December 16, 2008 13:27, Last Updated: October 1, 2015 22:33
By Johnathan Weeks

MTA CALLED TO ACCOUNT: Manhattan Borough President Scott Stringer will deliver a petition with 1,600 signatures to the MTA Board on Wednesday in protest of planned changes to Manhattan bus routes. (Jonathan Weeks/Epoch Times)
The Manhattan Transit Authority (MTA) is planning to reduce or eliminate 20 bus routes.

The MTA board is meeting on Dec. 17 to discuss the elimination and reduction of bus routes that run parallel to subway lines in Manhattan. Most of the subways stations are not handicap accessible. An analysis of the planned cutbacks revealed that thousands of people with disabilities would be left without access to mass transportation on weekends and nights.

“We can’t strand our senior and disabled citizens. We all need to be able to get around the city and these bus routes are critical links for a vulnerable people” said Council Member Jessica Lapin.

“The whole point of bus service 30 years ago was to help people get around; especially disabled people” said Manhattan Borough President Scott Stringer.

Part of the plan is to double the price of Access-A-Ride van fare which costs two dollars per trip. Access-A-Ride (AAR) is a door to door transportation service for people with disabilities who are unable to use public bus or subway. AAR operates 24 hours a day, seven days a week in all five boroughs.

According to the press release issued by Scott Stringer on Monday each AAR trip costs the MTA more revenue than they collect in fares, even after the proposed fare increase. The key to increasing income for the MTA is to discourage ridership. They predict $9.3 million can be made from fare hikes but $26.7 million can be made from decreased ridership.

“The proposal illustrates exactly the kind of backwards thinking that got the MTA into this mess to begin with” said the Director of Advocacy for the Disabilities Network of NYC Lawrence Carter-Long. “Discouraging use and decreasing services while increasing costs for disabled passengers is not only bad business practice, it’s discriminatory.”

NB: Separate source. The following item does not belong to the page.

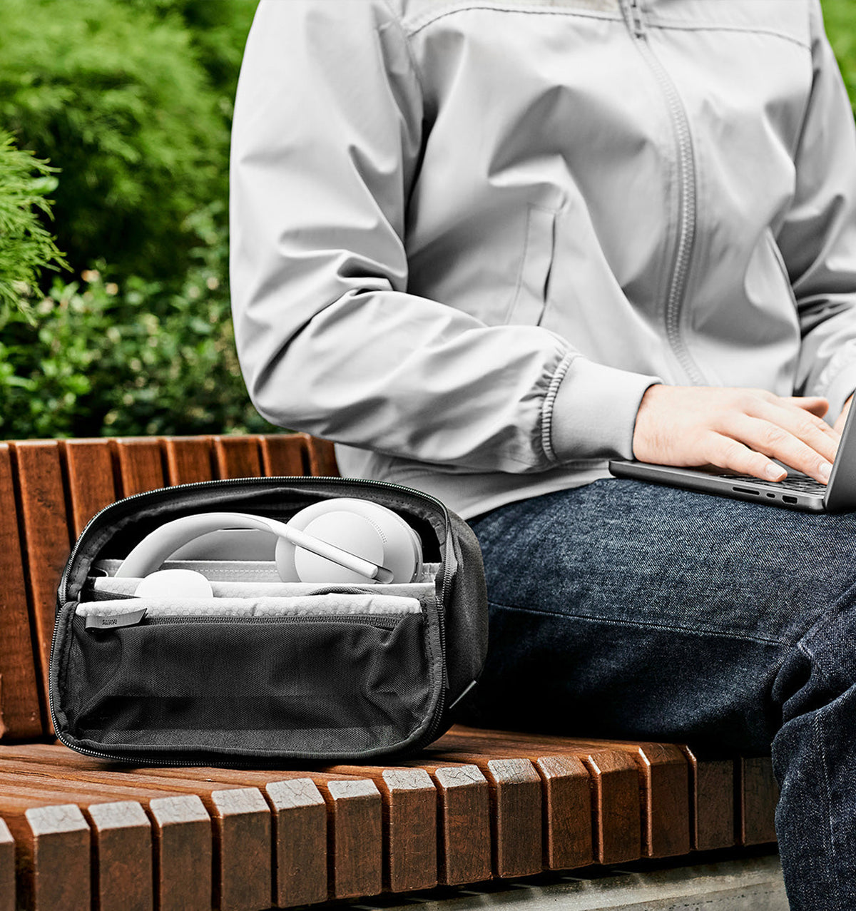 • Tech Pouch - Designed with expertise, this tech pouch offers ample internal storage and dedicated zones for all your essentials. From your iPad mini or small tablet to your mouse, headphones, cables, chargers, and more, everything has its place.

“Doubling the fare for the majority of these riders would mean an increase in MTA revenue that we estimate to be little more than one-tenth of one percent, but it would reduce or even eliminate the lifeline that links many disabled people to the outside world” wrote Stringer in a Dec. 10 blog. “This ill-thought-out proposal—more than doubling the current $2 fare for riders who use the Access-A-Ride vans—manages to target one of our most vulnerable populations, while providing so little new revenue that it constitutes essentially a rounding error.”

On the same website, Stringer suggested bringing back the commuter tax whose repeal he fought in the assembly. He said $700 million or more could be generated from it annually.

Stringer will deliver a petition to the MTA’s upcoming board meeting urging them to reconsider their plans; it has been signed by 1,600 New Yorkers.

“The reason for this press conference and the petitions we got is so when the MTA officials vote, they vote with their hearts and heads” said Stringer.